Activity: Your answer must be only the lines below from the one containing "María Eugenia junto" through the one containing "Elevate your bedroom", copied exactly, with the pictures left out.

*** Provided entries ***

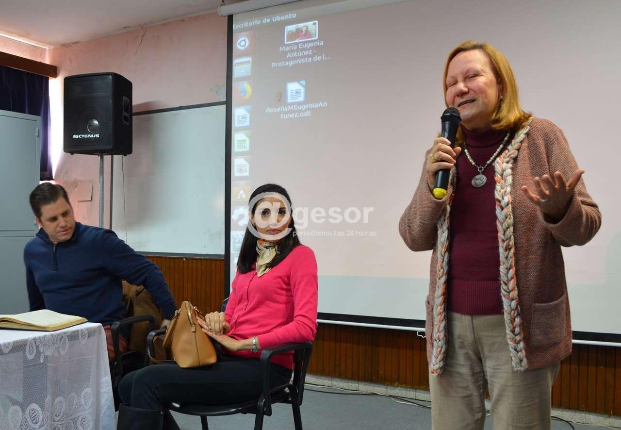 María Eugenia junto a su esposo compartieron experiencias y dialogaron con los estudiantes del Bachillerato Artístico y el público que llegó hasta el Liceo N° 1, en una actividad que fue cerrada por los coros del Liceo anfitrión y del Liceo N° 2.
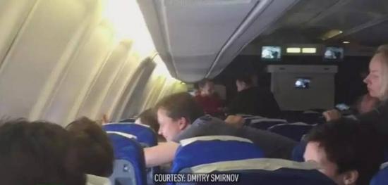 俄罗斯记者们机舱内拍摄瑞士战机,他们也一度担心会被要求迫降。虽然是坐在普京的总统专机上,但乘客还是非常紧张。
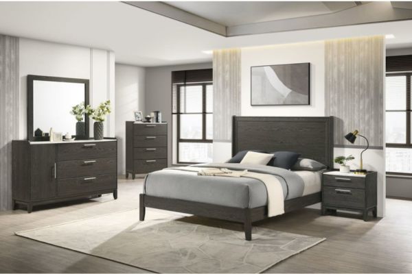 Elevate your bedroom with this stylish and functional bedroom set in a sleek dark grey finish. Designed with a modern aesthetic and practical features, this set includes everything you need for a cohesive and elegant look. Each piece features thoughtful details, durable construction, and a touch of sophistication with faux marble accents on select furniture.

*** End of Provided entries ***
*** Provided entries ***

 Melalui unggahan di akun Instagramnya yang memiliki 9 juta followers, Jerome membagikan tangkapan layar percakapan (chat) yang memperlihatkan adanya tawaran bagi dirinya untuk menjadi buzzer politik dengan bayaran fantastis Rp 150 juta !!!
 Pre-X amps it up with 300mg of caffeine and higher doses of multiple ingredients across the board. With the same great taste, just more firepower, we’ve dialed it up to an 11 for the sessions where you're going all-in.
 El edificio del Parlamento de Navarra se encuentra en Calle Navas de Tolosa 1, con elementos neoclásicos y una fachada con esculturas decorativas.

*** End of Provided entries ***

Completed task:
 María Eugenia junto a su esposo compartieron experiencias y dialogaron con los estudiantes del Bachillerato Artístico y el público que llegó hasta el Liceo N° 1, en una actividad que fue cerrada por los coros del Liceo anfitrión y del Liceo N° 2.
 俄罗斯记者们机舱内拍摄瑞士战机,他们也一度担心会被要求迫降。虽然是坐在普京的总统专机上,但乘客还是非常紧张。
 Elevate your bedroom with this stylish and functional bedroom set in a sleek dark grey finish. Designed with a modern aesthetic and practical features, this set includes everything you need for a cohesive and elegant look. Each piece features thoughtful details, durable construction, and a touch of sophistication with faux marble accents on select furniture.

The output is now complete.